Perhaps extend that further to sometimes sentencing their parents to a similar course contemporaneously?
We need to change the attitude to illegal drug-taking as being a health problem as opposed to a stupidity problem. The life of virtually every addict causes massive harm to their parents, siblings, friends, and - worst of all - their children.
If there is no demand for drugs then there will be no importation of drugs and their ingredients by those who succumb to the attraction of an easy dollar, who then must be pursued by the police and are then locked up for many years.
We can start by implementing citizenship training for our 12- to 14-year-olds, resulting in a certificate saying they have been trained. Those who later get into trouble with the law can be penalised by, say, a further citizenship course, as opposed to the soft penalties that are imposed these days.
More lately, we have had legalised drug testing at concerts and the like. Is it true that the drugs that fail are handed back to the person presenting them? (The Drug Foundation advises the tested sample cannot be returned as it may be contaminated but the person can keep the rest of their substance, regardless of the result.)
More likely they will sell the drugs to another sucker.
Fog cannons and bollards around shops? Yet we are told the number of offenders is small. It would be cheaper and safer for the community to lock them up for five years. In my younger days, borstal was a place to be avoided and bad alcoholics were locked away on Rotoroa Island.
It is disappointing that Sugathapala, as a researcher, falls for Labour’s announcement of an IRD report finding that the wealthiest New Zealanders pay only 9 per cent tax. The announcement failed to identify that it was not comparing like for like.
Let society help what I call the deserving poor along with the sick and disabled - and stop pandering to what I will call the ratbag poor. And don’t forget that the deserving poor suffer greatly from the ratbag poor, particularly when they are all in the same neighbourhood.

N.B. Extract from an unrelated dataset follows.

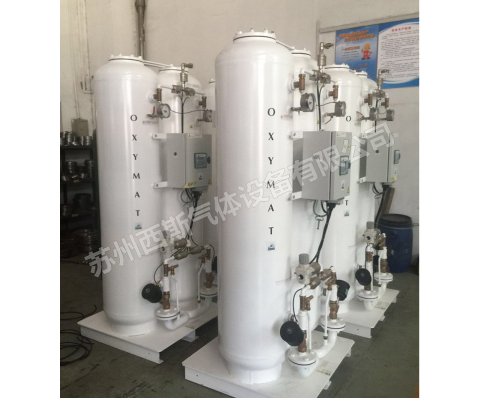 压缩空气进入吸附筒底部,床内装填沸石分子筛,该分子筛吸附大部分氮气。氧气不断地流过吸附床层在顶部富集作为产品,直至分子筛吸附氮气达到饱和。然后空气进入第二个吸附器输出氧气,同时第一个塔常压脱附排出氮气,分子筛得到再生。
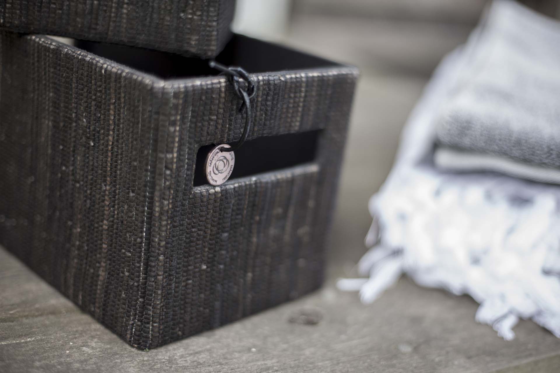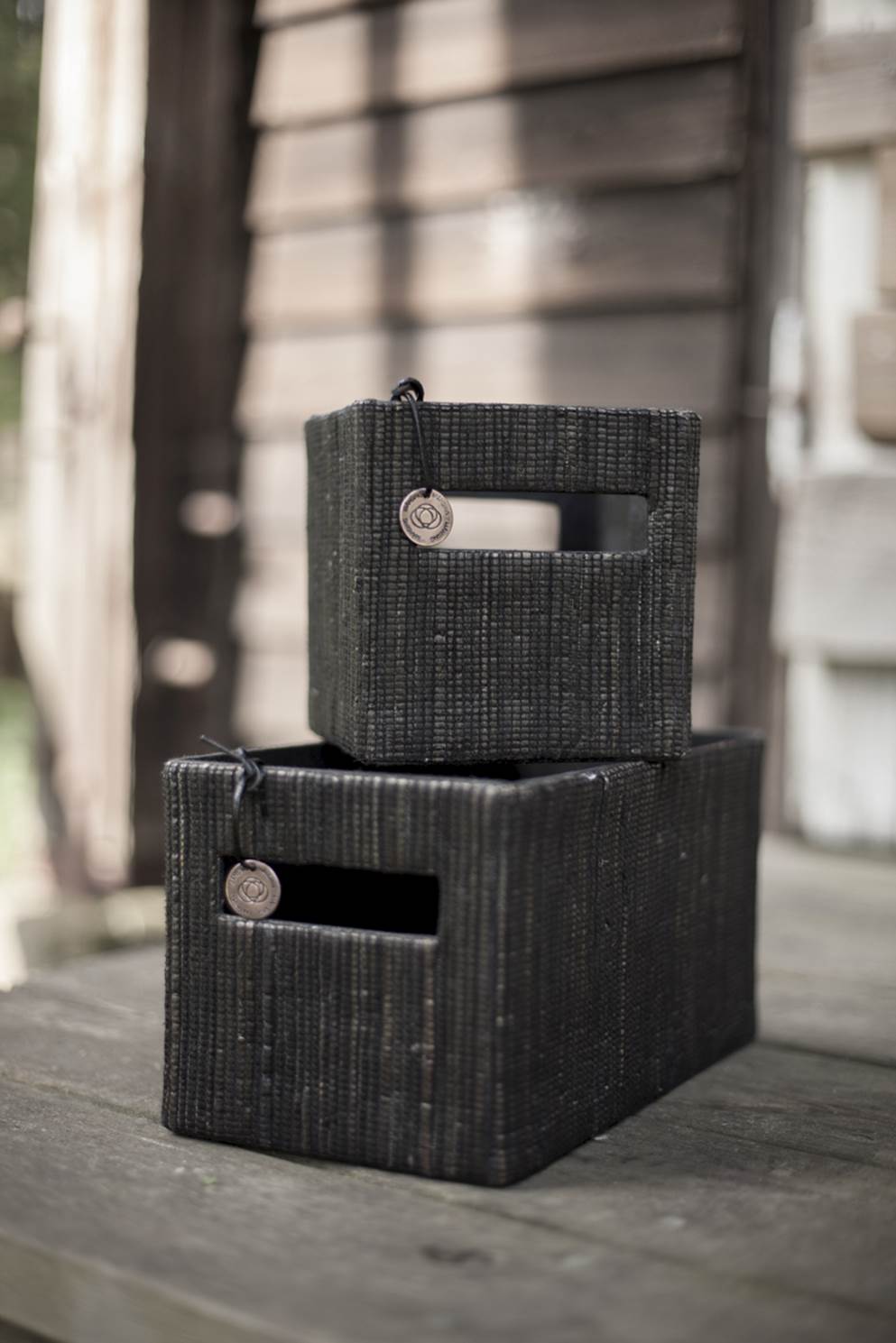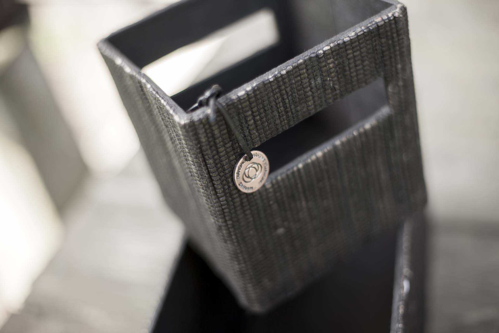 Det här är en hopvikbar förvaringsserie gjord av Vattenhyacint, en vattenväxt som skapar problem i sötvatten jorden runt. Den växer snabbt, kväver syretillgången och begränsar mängden dricksvatten. Men genom att ta upp och använda växten skapas nu arbetstillfällen i Indonesien. Fibrerna spinns och vävs för hand. Det leder till tryggad sysselsättning på landsbygden och inkomst för kvinnorna som snabbt lär sig hantverket vid vävstolarna. Samtidigt får vattenmiljön en chans att återhämta sig. Vi på Månsing gillar detta och njuter även av det textila uttryck som väven tillför den hårda lådan.

I appreciate that words “stupidity” and “ratbag” are not politically correct these days and that offenders in those terms must be encouraged in terms of self-worth in order to be able to pull themselves out of the mire.
My perception after many decades in this country is that New Zealand has gone downhill rapidly over the past three decades. We have too much tail wagging the dog in terms of how our society operates.
This is a result of the MMP voting system implemented about 30 years ago. It has meant that about one-third of our MPs are not directly accountable to constituent voters, only to their party.
Many of these MPs could never hold a constituent seat and have never had a real job.
They exist by telling the poor and other interest groups how hard they have been done by. Further, they, and MPs generally, have legislated us all into complicated lives of too many rules and regulations, leading to too many government employees (in the widest sense of the definition).
If we don’t make a radical change soon we will become a third-world country ruled by a quasi-dictatorship as we are now, leading to much worse.
Wake up all of you good people, particularly those aged under 45.
- BIll Capamagian is an observer of life, with a background in the shipping and transport industry and, in later decades, general business consultancy.